_DATASET SECTION_

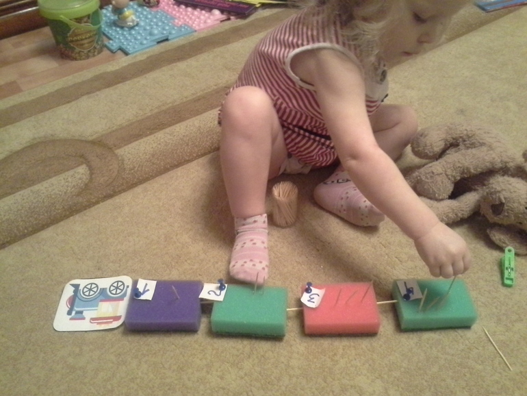 Строили поезд из губок (пытались соблюдать нужную очередность в соответствии с цифрой на губке) и заселяли "пассажирами" (зубочистки) в количестве, указанному на губке.
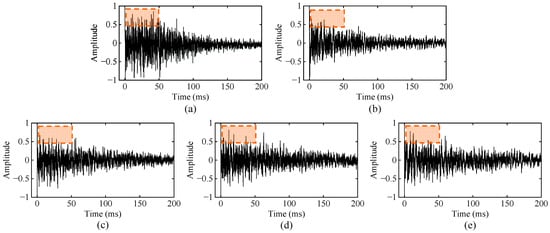 Pulse response within 200 ms at the stage and auditorium receiving points. (a) W2; (b) F3; (c) X7; (d) R3; (e) Q3.
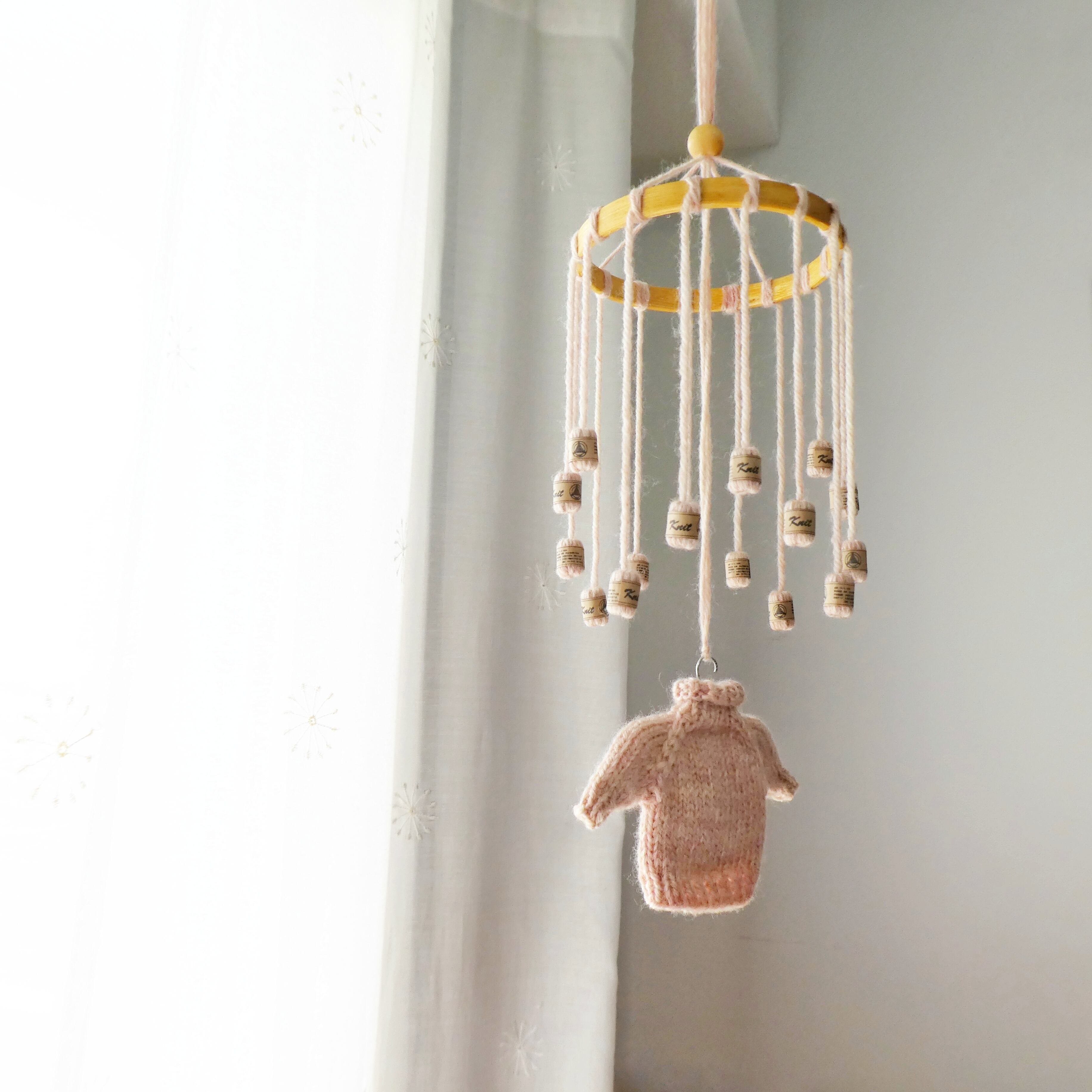 ぶどうの刺繍が入った手のひらサイズのセーターと、小さな毛糸玉をたくさん吊り下げた、あたたかみあふれるモビールです。
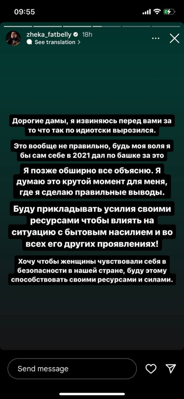"Дорогие дамы, я извиняюсь перед вами за то, что так по-идиотски выразился. Это вообще неправильно, будь моя воля, я бы сам себе в 2021-м дал по башке за это. Я позже обширно все объясню. Я думаю, это крутой момент для меня, где я сделаю правильные выводы. Буду прикладывать усилия своими ресурсами, чтобы влиять на ситуацию с бытовым насилием и во всех его других проявлениях! Хочу, чтобы женщины чувствовали себя в безопасности в нашей стране, буду этому способствовать своими ресурсами и силами", - написал он в публикации.

_TASK STATEMENT_
Transcribe exactly, with no pictures, the lines running from the first line of the material through the line holding "ぶどうの刺繍が入った手のひら".

_EXERCISE RESULT_
 Строили поезд из губок (пытались соблюдать нужную очередность в соответствии с цифрой на губке) и заселяли "пассажирами" (зубочистки) в количестве, указанному на губке.
 Pulse response within 200 ms at the stage and auditorium receiving points. (a) W2; (b) F3; (c) X7; (d) R3; (e) Q3.
 ぶどうの刺繍が入った手のひらサイズのセーターと、小さな毛糸玉をたくさん吊り下げた、あたたかみあふれるモビールです。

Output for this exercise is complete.